В хороший летний вечер он посидел на росистой траве.
Каждую минуту, на каждом шагу нас подстерегают опасности: защититься от них невозможно, потому что они слишком разнообразны, бежать некуда, потому что они везде. Само здоровье наше – это не спокойное состояние организма; при глотании, при дыхании в нас ежеминутно проникают мириады бактерий, внутри нашего тела непрерывно образуются самые сильные яды; незаметно для нас все силы нашего организма ведут отчаянную борьбу с вредными веществами и влияниями, и мы никогда не можем считать себя обеспеченными от того, что, может быть, вот в эту самую минуту сил организма не хватило, и наше дело проиграно.

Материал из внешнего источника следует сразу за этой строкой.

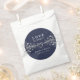 Elégant vintage chic bleu marine mariage sac de faveur avec simple coeur de corde argentée et dentelle dorée fleurie. L'amour est doux !

И тогда из небольшой царапины развивается рожа, флегмона или гнилокровие, незначительный ушиб ведет к образованию рака или саркомы, легкий бронхит от открытой форточки переходит в чахотку.
Нужны какие‑то идеальные, для нашей жизни совершенно необычные условия, чтобы болезнь стала действительно «случайностью»; при настоящих же условиях болеют все: бедные болеют от нужды, богатые – от довольства; работающие – от напряжения, бездельники – от праздности; неосторожные – от неосторожности, осторожные – от осторожности. Во всех людях с самых ранних лет гнездится разрушение, организм начинает разлагаться, даже не успев еще развиться. В Бостоне были исследованы зубы у четырех тысяч школьников, и оказалось, что здоровые зубы, особенно у детей старше десяти лет, составляют исключение; в Баварии среди пятисот учеников Народных школ было найдено лишь трое с совершенно здоровыми зубами. Д‑р Бабес вскрыл в будапештской больнице сто детских трупов, и у семидесяти из них он нашел в бронхиальных железах туберкулезные палочки; а все эти сто детей умерли от различных не туберкулезных болезней… Уж дети встают после сна с «заспанными», гноящимися глазами; уже ребенком каждый страдает хроническим насморком и не может обойтись без носового платка, – всех прямо удивила бы мысль, что здоровому человеку носовой платок совершенно не нужен. Что же касается достигших зрелости женщин, то они уже нормально, физиологически осуждены каждый месяц болеть в течение нескольких дней.
|
С новым и странным чувством я приглядывался к окружавшим меня людям, и меня все больше поражало, как мало среди них здоровых; почти каждый чем‑нибудь да был болен. Мир начинал казаться мне одною громадною, сплошною больницею. Да, это становилось все несомненнее: нормальный человек – это человек больной; здоровый представляет собою лишь счастливое уродство, резкое уклонение от нормы.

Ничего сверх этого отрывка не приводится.